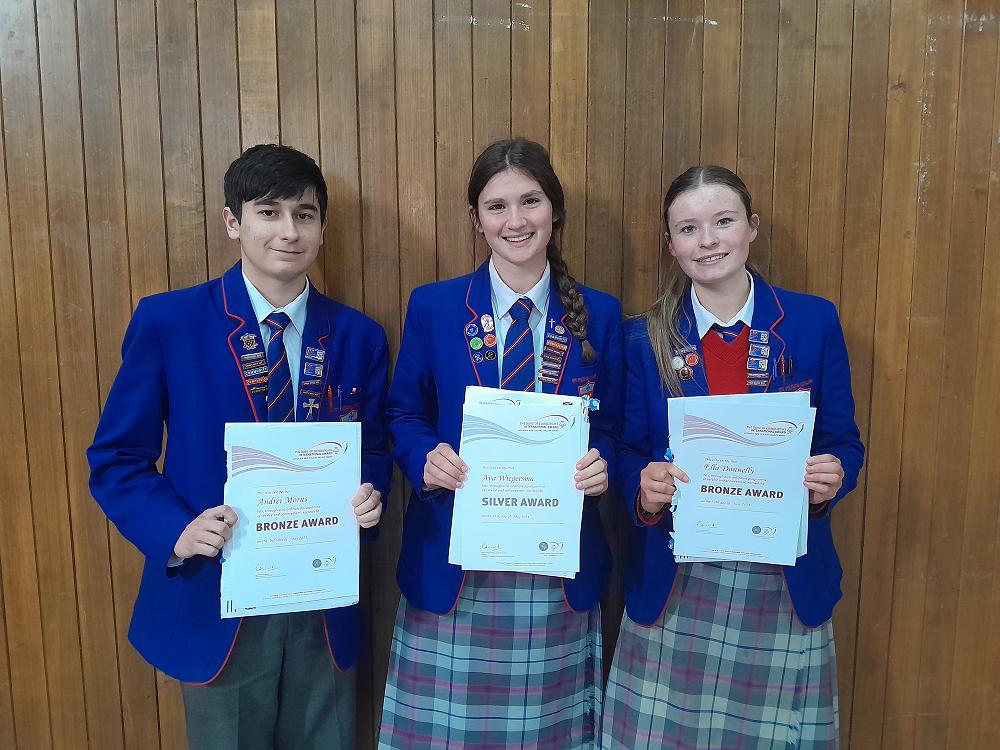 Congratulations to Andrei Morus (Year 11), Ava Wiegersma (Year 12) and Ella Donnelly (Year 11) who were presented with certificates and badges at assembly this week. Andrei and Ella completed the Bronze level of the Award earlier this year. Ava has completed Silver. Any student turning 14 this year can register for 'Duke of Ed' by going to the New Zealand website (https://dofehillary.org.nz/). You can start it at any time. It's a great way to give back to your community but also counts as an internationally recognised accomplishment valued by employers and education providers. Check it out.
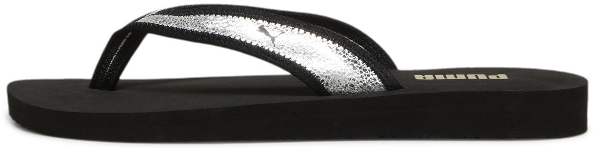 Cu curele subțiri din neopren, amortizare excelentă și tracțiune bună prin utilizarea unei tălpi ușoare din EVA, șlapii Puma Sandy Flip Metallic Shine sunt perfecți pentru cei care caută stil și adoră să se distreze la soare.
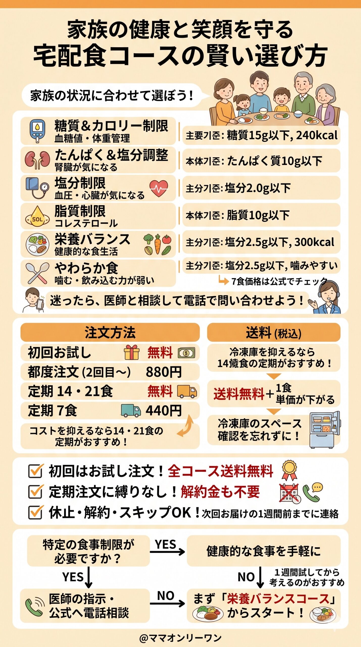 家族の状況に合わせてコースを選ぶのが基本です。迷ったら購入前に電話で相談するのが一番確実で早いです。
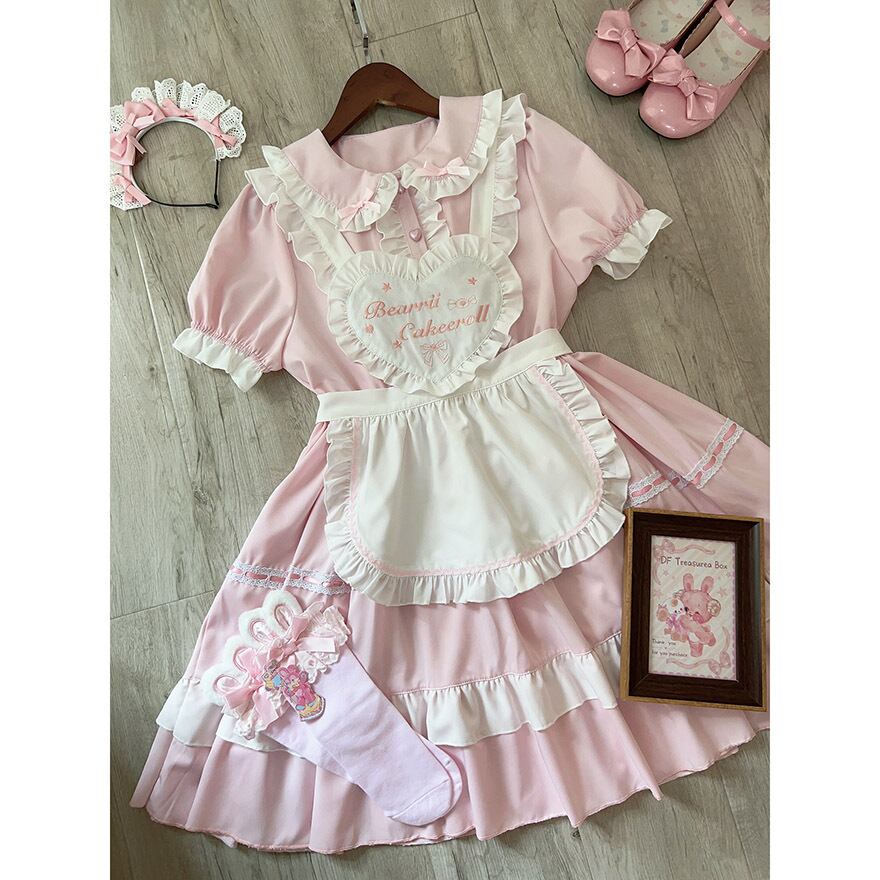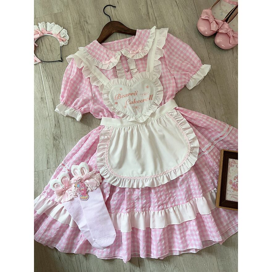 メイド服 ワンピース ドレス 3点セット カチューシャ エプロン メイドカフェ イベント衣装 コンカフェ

*THE TASK*: From the first line to the last, repeat the data above exactly and leave the pictures out.

*EXPECTED OUTPUT*:
 Congratulations to Andrei Morus (Year 11), Ava Wiegersma (Year 12) and Ella Donnelly (Year 11) who were presented with certificates and badges at assembly this week. Andrei and Ella completed the Bronze level of the Award earlier this year. Ava has completed Silver. Any student turning 14 this year can register for 'Duke of Ed' by going to the New Zealand website (https://dofehillary.org.nz/). You can start it at any time. It's a great way to give back to your community but also counts as an internationally recognised accomplishment valued by employers and education providers. Check it out.
 Cu curele subțiri din neopren, amortizare excelentă și tracțiune bună prin utilizarea unei tălpi ușoare din EVA, șlapii Puma Sandy Flip Metallic Shine sunt perfecți pentru cei care caută stil și adoră să se distreze la soare.
 家族の状況に合わせてコースを選ぶのが基本です。迷ったら購入前に電話で相談するのが一番確実で早いです。
 メイド服 ワンピース ドレス 3点セット カチューシャ エプロン メイドカフェ イベント衣装 コンカフェ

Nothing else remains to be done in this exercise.